I think there are a few people here who get my side of the AIBU but I'm hearing a resounding "don't dish out what you can't take".

So I will apologise properly like a grown up and explain that his comment hurt me too.

Can I say that I think his comments took things too far given we were PLAYING A GAME!!!!

Still too goady???

Haha I really like you!

Personally I don’t think you were BU. His comment was really below the belt. What a thing for him to bring up ans I’d be upset as it actually shows a lack of respect for the sacrifices you made for the family.

I think though your wise crack probably wasn’t so wise! For you it was gentle ribbing that normally happens … but you also normally win ;) He shoudl have let you know your comment was hurtful instead of responding in kind. Would be good to apologise and hopefully he’ll do the same.

Loving your responses though :)

MarilynValentine · 17/04/2022 23:42

Bollocks.

He is 100% in the wrong here.

needmorethanthis · 17/04/2022 23:43

Sorry but you started it. Saying “you can’t beat me at anything” is goady. You got fish slapped back. You were being a goady jerk. Then you took it too far again. This rarely happens but I’m on his side here. You’re wrong. Make him a cup of coffee in the morning and apologise. Say “sorry I was a goady jerk last night. Friends?” Leave it

Countdownis35 · 17/04/2022 23:43

@Theunamedcat

You joked with him and it bruised his ego
This is all it was. When people get on that tip.. someone's bound to go lower than the other
MarilynValentine · 17/04/2022 23:43

Plus, well done on your searingly truthful and appropriate comeback.

He sounds like a dickhead.

NuffSaidSam · 17/04/2022 23:43

@indiesearcher

Ok, I stand defeated (which I don't like, clearly!) 🤣

I think there are a few people here who get my side of the AIBU but I'm hearing a resounding "don't dish out what you can't take".

So I will apologise properly like a grown up and explain that his comment hurt me too.

Can I say that I think his comments took things too far given we were PLAYING A GAME!!!!

Still too goady???

Too blamey!

You have to be the winner of 'who was less of a twat' as well as all the card games?

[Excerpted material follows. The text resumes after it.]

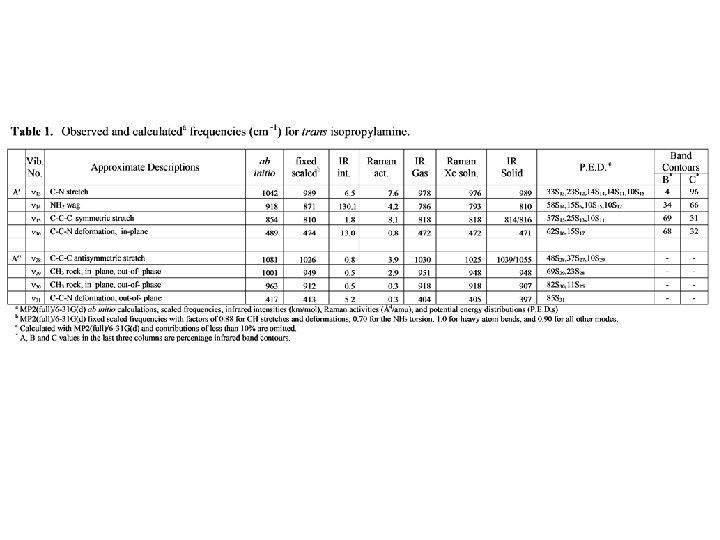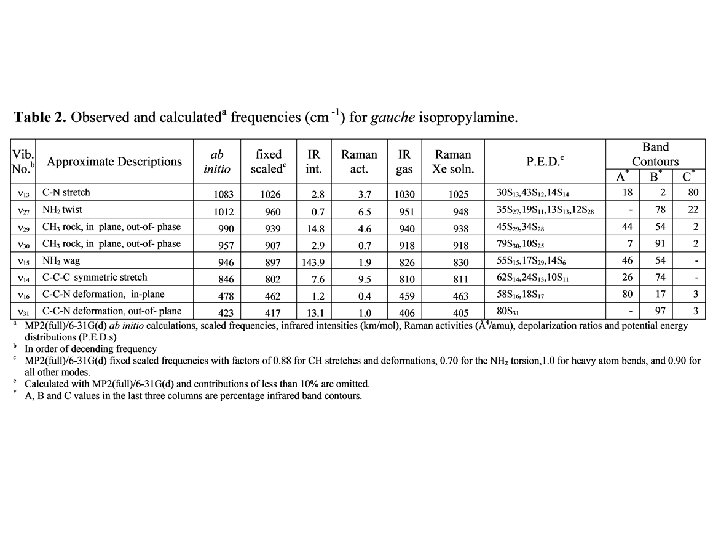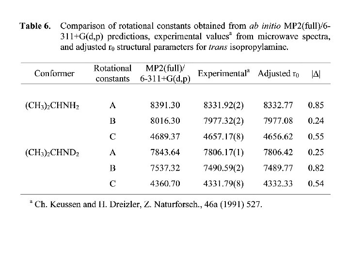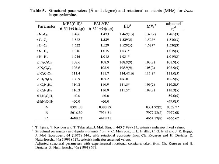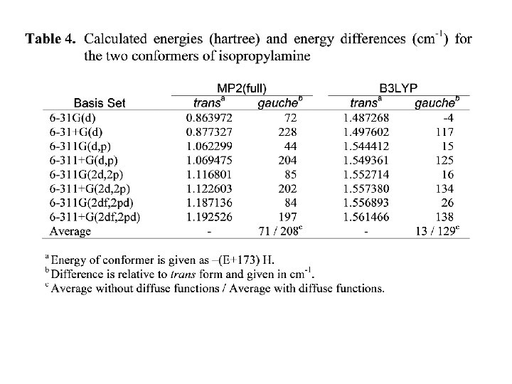 Isopropylamine, (CH 2)2 CHNH 2 • Two stable conformers • Microwave work shows trans conformer only • Trans form is predicted to be most stable conformer • energy predictions vary significantly with the addition of diffuse functions
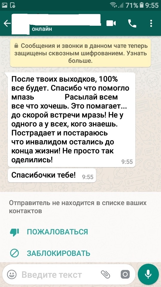 - Когда? Не было такого, чтобы я на ровном месте стоял и говорил, что вот так, вот так будет. Она при этом провоцирует. Да, я такие вещи говорил, но в ответ только. У меня даже запись где-то валяется, я её полиции показывал. Я даже говорить не хочу, какие она слова говорила. Любой человек на моем месте так же бы ответил. Она не только меня оскорбляла, но и моих родителей, происхождение. Она знает, как провоцировать. Ну, и в ответ, конечно, я добрые слова не говорил. Она провоцировала и в этот момент записывала. То, что написала она, удаляла, а мои ответы она оставила. И выложила — типа вот я такие вещи пишу.

Maybe that's why it hit a nerve with him?

Tell him what you thought about his comment, but not in the context of 'and therefore you're a bigger twat than me'.

You own what you did.
He owns what he did.
The end.

I don't think it needs to be a twat off.

surreygirl1987 · 17/04/2022 23:43

sorry if I'm being dim here but why is it 'really rude' of me to have made DH aware that taking three years out of my career to raise our kids would have had an impact on my earning potential?

This was when you 'made him aware' of this? So it's not something you've discussed before??

WonderfulYou · 17/04/2022 23:44

sorry if I'm being dim here but why is it 'really rude' of me to have made DH aware that taking three years out of my career to raise our kids would have had an impact on my earning potential?

Because you sound resentful of the life you’ve had with him and having children with him.

You chose to have children and you can’t then throw it back in his face like it’s all his fault.